◆ Records for this exercise

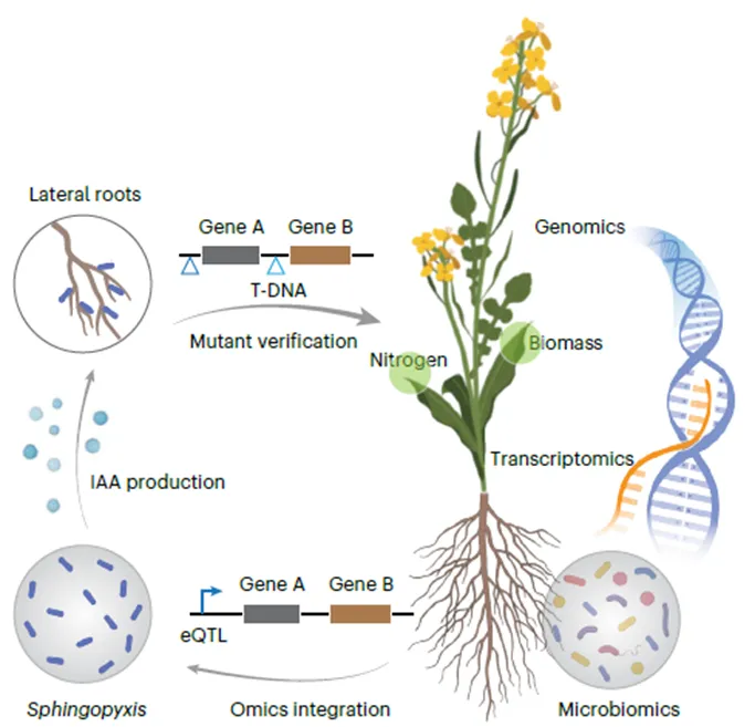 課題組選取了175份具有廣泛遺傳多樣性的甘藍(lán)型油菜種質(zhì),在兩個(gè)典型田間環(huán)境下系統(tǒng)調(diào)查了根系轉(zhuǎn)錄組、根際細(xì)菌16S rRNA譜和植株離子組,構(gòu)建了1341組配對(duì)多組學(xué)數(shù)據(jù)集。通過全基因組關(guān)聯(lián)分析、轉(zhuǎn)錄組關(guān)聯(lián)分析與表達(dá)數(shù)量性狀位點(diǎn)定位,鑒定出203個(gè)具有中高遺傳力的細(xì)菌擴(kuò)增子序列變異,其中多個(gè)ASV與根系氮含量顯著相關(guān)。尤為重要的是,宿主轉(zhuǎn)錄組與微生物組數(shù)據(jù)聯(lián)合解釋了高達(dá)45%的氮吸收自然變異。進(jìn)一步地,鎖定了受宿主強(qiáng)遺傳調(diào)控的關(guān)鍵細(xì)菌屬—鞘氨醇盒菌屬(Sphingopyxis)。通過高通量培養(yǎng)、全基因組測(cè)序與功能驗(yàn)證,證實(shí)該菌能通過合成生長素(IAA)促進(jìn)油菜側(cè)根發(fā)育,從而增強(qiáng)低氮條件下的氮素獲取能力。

---

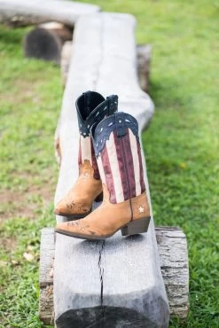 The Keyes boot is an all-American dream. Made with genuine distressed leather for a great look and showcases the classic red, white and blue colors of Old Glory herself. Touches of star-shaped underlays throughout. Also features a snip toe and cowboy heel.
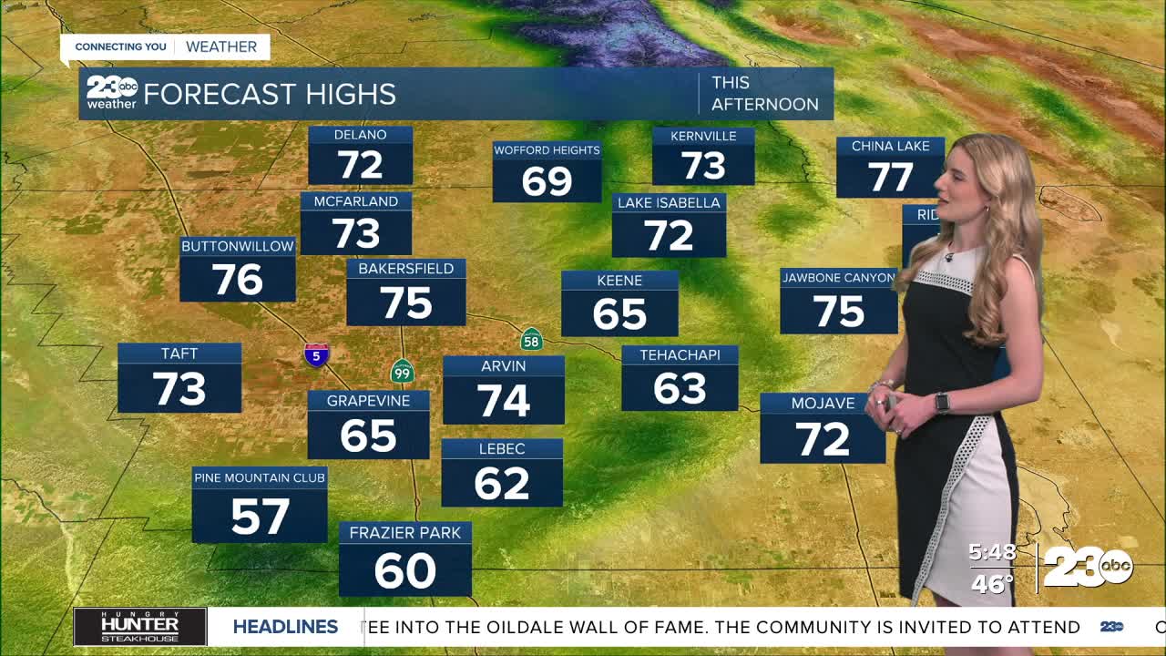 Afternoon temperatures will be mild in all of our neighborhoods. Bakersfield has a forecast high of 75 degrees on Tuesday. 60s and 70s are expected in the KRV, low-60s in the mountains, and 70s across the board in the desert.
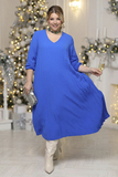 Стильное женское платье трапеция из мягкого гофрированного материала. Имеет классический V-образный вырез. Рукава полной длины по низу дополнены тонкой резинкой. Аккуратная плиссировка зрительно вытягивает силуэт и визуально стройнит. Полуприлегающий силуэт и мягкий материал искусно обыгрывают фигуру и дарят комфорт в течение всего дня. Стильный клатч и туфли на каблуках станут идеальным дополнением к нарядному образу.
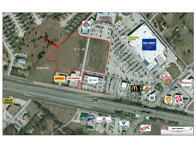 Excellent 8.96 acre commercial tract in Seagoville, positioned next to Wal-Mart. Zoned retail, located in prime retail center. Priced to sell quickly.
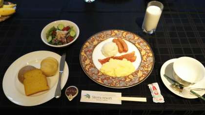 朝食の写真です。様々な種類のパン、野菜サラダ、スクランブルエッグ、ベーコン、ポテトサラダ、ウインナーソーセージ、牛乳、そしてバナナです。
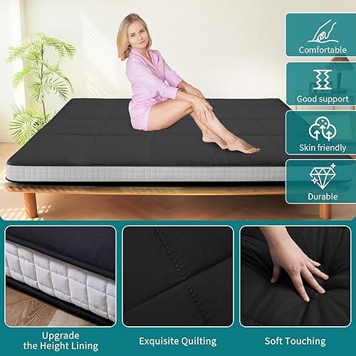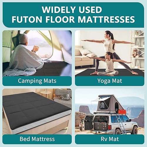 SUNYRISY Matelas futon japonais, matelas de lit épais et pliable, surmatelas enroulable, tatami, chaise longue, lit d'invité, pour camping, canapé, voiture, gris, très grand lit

==

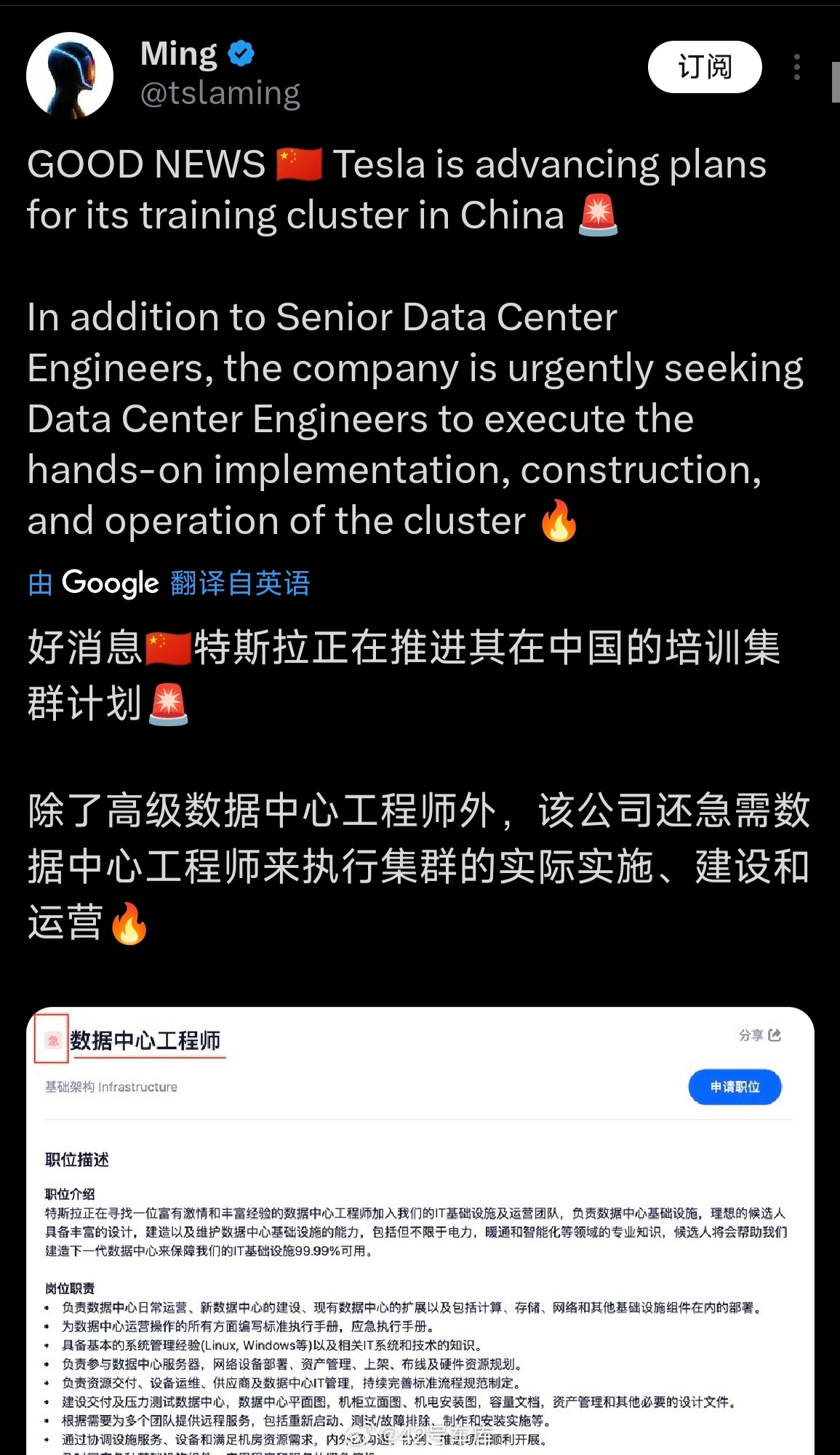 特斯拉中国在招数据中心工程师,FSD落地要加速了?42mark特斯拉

◆ Work required
In the records above, everything from the line with "Excellent 8.96 acre" down to the line with "SUNYRISY Matelas futon" must be duplicated exactly, both lines kept. Leave no pictures in.

◆ Answer box
 Excellent 8.96 acre commercial tract in Seagoville, positioned next to Wal-Mart. Zoned retail, located in prime retail center. Priced to sell quickly.
 朝食の写真です。様々な種類のパン、野菜サラダ、スクランブルエッグ、ベーコン、ポテトサラダ、ウインナーソーセージ、牛乳、そしてバナナです。
 SUNYRISY Matelas futon japonais, matelas de lit épais et pliable, surmatelas enroulable, tatami, chaise longue, lit d'invité, pour camping, canapé, voiture, gris, très grand lit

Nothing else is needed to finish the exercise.